Zoned Block Devices
As the homepage says, QEMU is a generic and open source machine emulator and virtualizer. The project I’ve been working on is adding zoned device support to virtio-blk emulation[1].
QEMU is a big project which looks a bit intimidating at first (and afterward :). It’s also lots of fun investigating different parts to solve problems in the way. Sometimes, I feel like a lousy detective trying to figure out how things fit together. Luckily, my mentors in this project always give me a hand when I am stuck at wrong directions.
Brief introduction¶
Terminology | Abbr. | Concept |
---|---|---|
Shingled Magnetic Recording | SMR | write data in zones of overlapped tracks |
Perpendicular/Conventional Magnetic Recording | PMR/CMR | write data in discrete tracks |
write pointer | WP | it points to the lowest LBA(Logic Block Address) that have not been written of that zone |
sequential write required | SWR | Host Managed Model(HM): write operations must be sequential |
sequential write preferred | SWP | Host Aware Model(HA): unconstrained writes possible |
open zone resource | OZR | the open zone resource in a zone block device is limited |
Zoned storage¶
Imagining the shingles in the roof, SMR writes data in a similar overlapping manner. BY removing the gaps, more data tracks placing on each magnetic surface reflects in wider write head of design. The recording head will advance partial width of one data track after a write. Such overlapping tracks are grouped into zones. The gaps between zones prevents data overwrite from write head changing from one zone to another. (Ignoring-physics version)

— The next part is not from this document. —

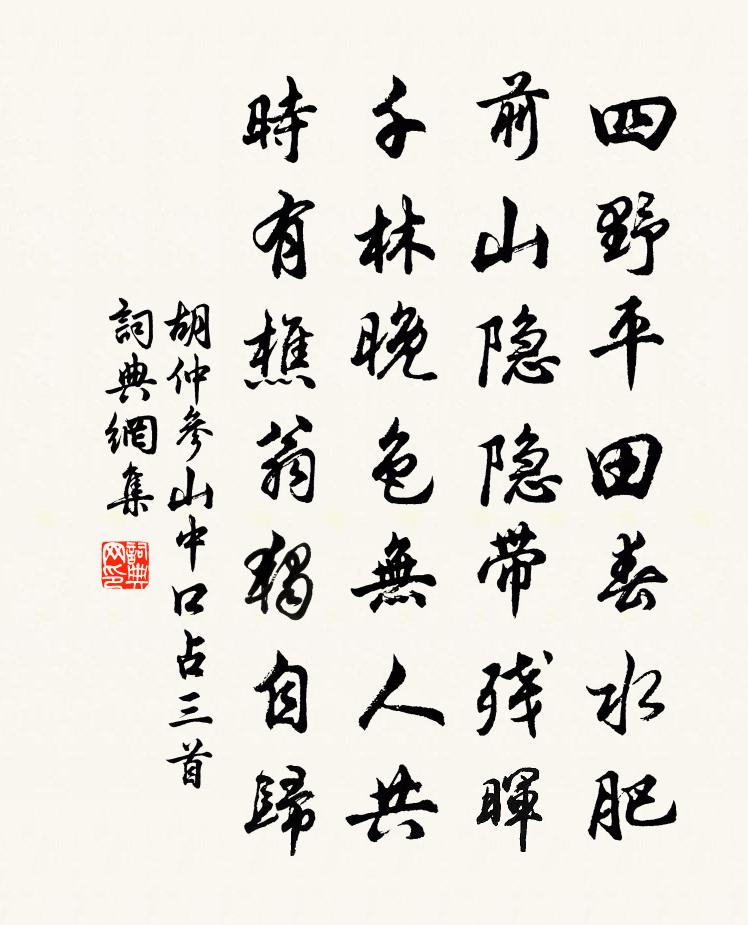 詩詞名句歷史字典書法欣賞書法字典國語詞典說文解字康熙字典古漢語字典標 題 作 者 詩 句 山中口占三首作者:胡仲參 朝代:宋代山中口占三首原文四野平田春水肥,前山隱隱帶殘暉。千林晚色無人共,時有樵翁獨自歸。詩詞問答問:山中口占三首的作者是誰?答:胡仲參問:山中口占三首寫於哪個朝代?答:宋代胡仲參山中口占三首書法欣賞山中口占三首書法作品詩詞推薦過洞庭來廷紹〔宋代〕日落君山暮,秋風過洞庭。一官身外物,千里客中情。北望鄉關遠,南來旅雁鳴。孤帆無限恨,斜指岳陽城。朱清之薛師石〔宋代〕漈水日夜白,之人信所宜。隱於陶令酒,甘謝郗詵枝。江渡月偏滿,家庭歲有規。不知君沒後,誰主菊花期。六月七日泊金陵,阻風,得鐘山泉公書,寄詩蘇軾〔宋代〕今日江頭天色惡,炮車雲起風欲作。獨望鐘山喚寶公,林間白塔如孤鶴。寶公骨冷喚不聞,卻有老泉來喚人。電眸春晴白玉蟾〔宋代〕宿靄縈余凍,鬆陰挾嫩晴。朝來花萬福,鶯奏起居聲。頌古一百首釋智愚〔宋代〕玉簫吹徹鳳凰台,古殿深覺曉未開。滿地落花春已過,綠陰空鎖舊莓苔。臨水薔薇李群玉〔唐代〕堪愛復堪傷,無情不久長。浪搖千臉笑,風舞一叢芳。似濯文君錦,如窺漢女妝。所思雲雨外,何處寄馨香。句諶祜〔宋代〕六鰲傾側動乾坤,國母巡荒護帝孫。北極星辰臨草地,西風觀闕臥花門。十三晨起雪晴前言果驗用定王台韻賦詩林用中〔宋代〕今朝風日好,抱病起登台。山色愁無盡,江波去不回。客懷無老草,節物又疏梅。且莫催歸騎,憑欄理一杯。偈頌十八首釋如淨〔宋代〕者個是百尺竿頭,進一步則有象,退一步則無蹤。進退全機變,從衡振祖風。都在南山掌握中。無題陸游〔宋代〕畫閣無人晝漏稀,離悰病思兩依依。釵梁雙燕春先到,箏柱羈鴻暖不歸。迎得紫姑占近信,裁成白紵寄征衣。晚來送王汶宰江陰張循之〔唐代〕郡北乘流去,花間竟日行。海魚朝滿市,江鳥夜喧城。讓酒非關病,援琴不在聲。應緣五斗米,數日滯淵明。題朱郎中白都莊王安石〔宋代〕蕭灑桐廬守,滄洲寄一廛。山光隔釣岸,江氣雜炊煙。藜杖聽鳴櫓,籃輿看種田。明時須共理,此興在他年。和慎思重九考罷試卷書呈同院諸公蔡肇〔宋代〕清秋官舍酒瓶空,滿袖黃花情所鍾。忽得數篇吟可老,絕知開口笑難逢。浮舟有底不歸去,戲馬猶能限莫從。江上壬戌清明作屈大均〔清代〕朝作輕寒暮作陰,愁中不覺已春深。落花有淚因風雨,啼鳥無情自古今。故國江山徒夢寐,中華人物又銷沉。龍蛇暮春與諸同僚登鐘山望牛首蘇頌〔宋代〕清明天氣和,江南春色濃。風物正繁富,邦人競游從。官曹幸多暇,交朋偶相逢。並驅出東郊,乘興游北鍾。陟險答孔平仲惠蕉布二絕蘇轍〔宋代〕裘葛終年累已輕,薄蕉如霧氣尤清。應知浣濯衣棱敗,少助晨趨萃蔡聲。燈籠白葛扇裁紈,身似山僧不似官。更得寓廣教僧寺曾幾〔宋代〕似病元非病,求閒方得閒。殘僧六七輩,敗屋兩三間。野外無供給,城中斷往還。同參木上座,與汝住茶山。晏子不死君難左丘明〔先秦〕崔武子見棠姜而美之,遂取之。莊公通焉。崔子弒之。 晏子立於崔氏之門外。其人曰:“死乎?”曰:“獨吾早朝十絕趙子潚〔宋代〕北面高呼拜冕旒,星垂華渚彩虹浮。春風滿泛蒲萄酒,喜溢謳聲遍九州。寄外太學生妻〔宋代〕數目相望極,須知意思迷。夢魂不怕險,飛過大江西。名句推薦石溪久住思端午,館驛樓前看發機。盧肇《競渡詩 / 及第後江寧觀競渡寄袁州剌史成應元》 君子能勤小物,故無大患。司馬光《資治通鑑·周紀·周紀一》 重五山村好,榴花忽已繁。陸游《乙卯重五詩》 龍魚失水難為用,龜玉蒙塵未見珍牟融《春日山亭》 泉聲咽危石,日色冷青松。王維《過香積寺》 秋木萋萋,其葉萎黃,有鳥處山,集於苞桑。王昭君《怨詞》 復值接輿醉,狂歌五柳前。王維《輞川閒居贈裴秀才迪》 斬草除根,萌芽不發馮夢龍《警世通言·卷三十七》 新妝宜面下朱樓,深鎖春光一院愁。劉禹錫《和樂天春詞 / 春詞》 惜別浮橋駐馬時,舉頭試望南山嶺。李頎《少室雪晴送王寧》

What we want to take advantage of SMR in the project is the SWR property. For example, if LBA x
, x+a
is in zone 1, we can’t write x+a
after write x
because it is potentially under another zone. The area dencity of SMR results in higher disk capacity, better erasure coding, reducing adjacent-track interference exposure. Meanwhile, SMR also supports random read like CMR. Therefore SWR is good for data detection and recovery.
The main purpose of zoned storage emulation is to let VM Guest OS see a zoned block device file on the Host OS. However QEMU sees the zoned device as regular block device right now. Meanwhile, I should enable guest driver testing in NVMe ZNS so we can test if our previous works and benchmark it, which would be a nice topic for another blog(once I figure out how benmarking works :)

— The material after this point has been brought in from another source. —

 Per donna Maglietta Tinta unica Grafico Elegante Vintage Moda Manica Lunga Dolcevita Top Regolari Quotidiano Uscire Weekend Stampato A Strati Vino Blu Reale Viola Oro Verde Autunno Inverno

The cool vision about this project is to enable zoned storage on a regular file. It means VM Guest OS can see a regular file as zoned block device file, which is helpful for development related to zoned storage on a machine without such support. Whereas I have some doubts about the overhead and design of such improvement. For example, why should we emulate such zoned device if it maybe not offer enough performance for using? Again, another topic’s saving later.
Virtio-blk device¶
Virtio-blk device is a storage controller that presents host’s block devices to the guest. The structure of storage layers is designed for extensibility and performance. There is a BlockDriverState graph involved with block layers. BlockBackend provides a interface connecting block drivers to other part like qemu-io or virtio-blk device. It has a root pointer points to other nodes in the BlockDriverState graph. Format node and filter node are above protocal node. It is good for adding a BlockDriver inside the big project.
The overview of the emulation part is: the guest os sends a request of zoned commands which contains parameters to its virtio-blk driver. Then virtio-blk device receives the request which is basically a big chunk of memory and transforms it to the QEMU’s struct so that block layers can execute correlated commands on the zoned block device. After that, we can transform the results to the guest’s struct and send it back.
I haven’t though through the performance of virtio-blk device brings in though. Roughly speaking, zoned block devices can offer better performance than regular one especially above HDD level.
Zone state machine & APIs¶
Zone state machine tracks open zone resource of zoned block devices. Sufficient open zone resource are required for open state in HDD. Zone operations will change states in the write pointer zone models.
The basic structs of zoned block devices handling is: zone_descriptors, zone_dev, zone_report_struct. Other than the five operations ioctl provides, we would like to add zone append write in the emulation.
[3]
The picture is from Damien Le Moal’s website. You can find more about zoned storage from: https://zonedstorage.io/. ↩︎
It is from a very old 2016 presentation ZBC/ZAC support in Linux when the initial SMR support for the kernel was still being developped. The first support release in 2017 (kernel 4.10) ended up being quite different from what this picture shows. E.g., there is no “zone cache” and no “workqueue” for report zones in the kernel.(annotations from Damien) ↩︎